I guess I haven't really made this information public, but I guess I had better before... ooh, what do I put here?... before it's too late? That seems so dramatic, and yet that's the fact of the matter. Death is dramatic, dying is not so much, or at least not usually. My husband is dying. I'm getting ahead of myself here though, so let me start at his last ER visit.
Several weeks ago Dean woke up in the middle of the night with a bleed from his tumor. To you it might just look like a bad bloody nose that just won't stop. He had had 5 bleeds in 6 weeks- one after every chemo treatment for the last three treatments. The first of these most recent bleeds (he had had two back in Nov and Jan) was bad: white as a sheet when he arrived at the ER, barely alive. This last one didn't start out so bad and I sent him to the hospital under the care of competent EMTs knowing he'd rally and telling him I'd come get him when he was ready to be discharged. And hour and half later, the ER doc called asking when I was coming in because my husband "could be dead in 10 minutes." Of course, I ran (and sped) to be by his side, and when I finally found my husband, to my dismay they had stuffed his nose again (they did this in January), but this time Dean is pretty sure they broke his nose from the inside while packing it. Dean had asked the ER doc to let him die, but as ERs are in the business of saving lives, that's what they did. I knew as soon as I saw Dean, he would have rather died than go through the (debatably unnecessary) packing of his nose again.

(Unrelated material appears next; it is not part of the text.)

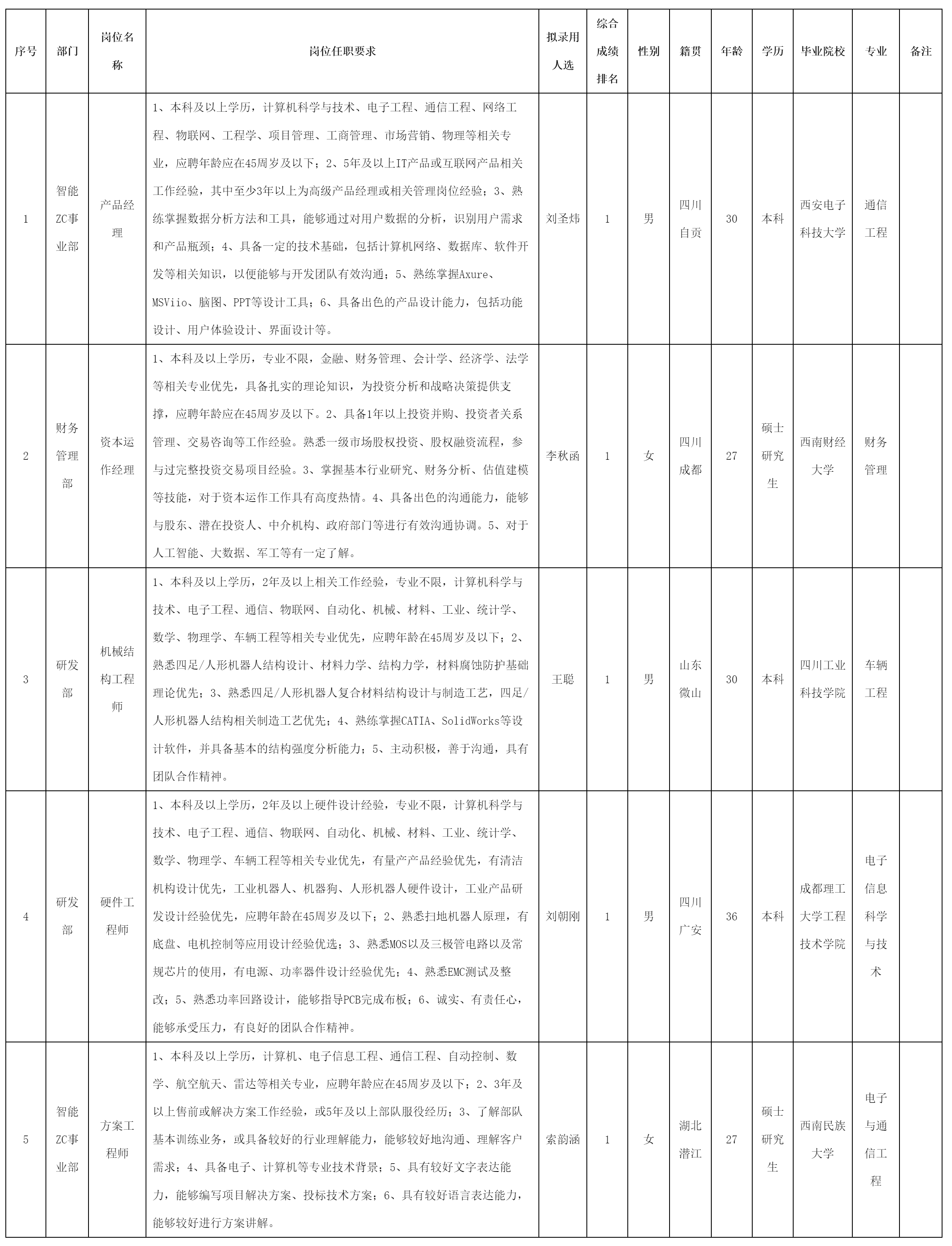 根據(jù)四川九洲投資控股集團有限公司軟件與數(shù)據(jù)智能軍團發(fā)布的招聘公告及招聘相關(guān)規(guī)定,經(jīng)筆試、面試、考察、體檢等程序,擬錄用劉圣煒等5名同志到四川九洲投資控股集團有限公司軟件與數(shù)據(jù)智能軍團工作,現(xiàn)予以公示,具體情況如下:

Before he went to the ER that morning, Dean had already made the decision to begin hospice care at home. We were going to start making calls that week. Thankfully, now the social worker at the hospital would set it all up. Now there was no question. There would be no more painful procedures for Dean.
Now there are even more difficult calls to make: funeral homes, cemetery. Meanwhile, hospice comes every week. And every week my husband's need for pain meds increases. His discomfort increases. When the nurse asks if we have any questions, I want to ask, "How much longer?" I'm afraid she will have no answer and that she will say "not long" and that she will say something that sounds like too long (I am so conflicted). Somehow I make it through these visits without crying, but inside of me I feel a part of me screaming, groaning, oh how I ache. I break afterwards.
And every night I go to sleep (or to work) with the possibility lingering in the back of my mind, "Will he bleed tonight?"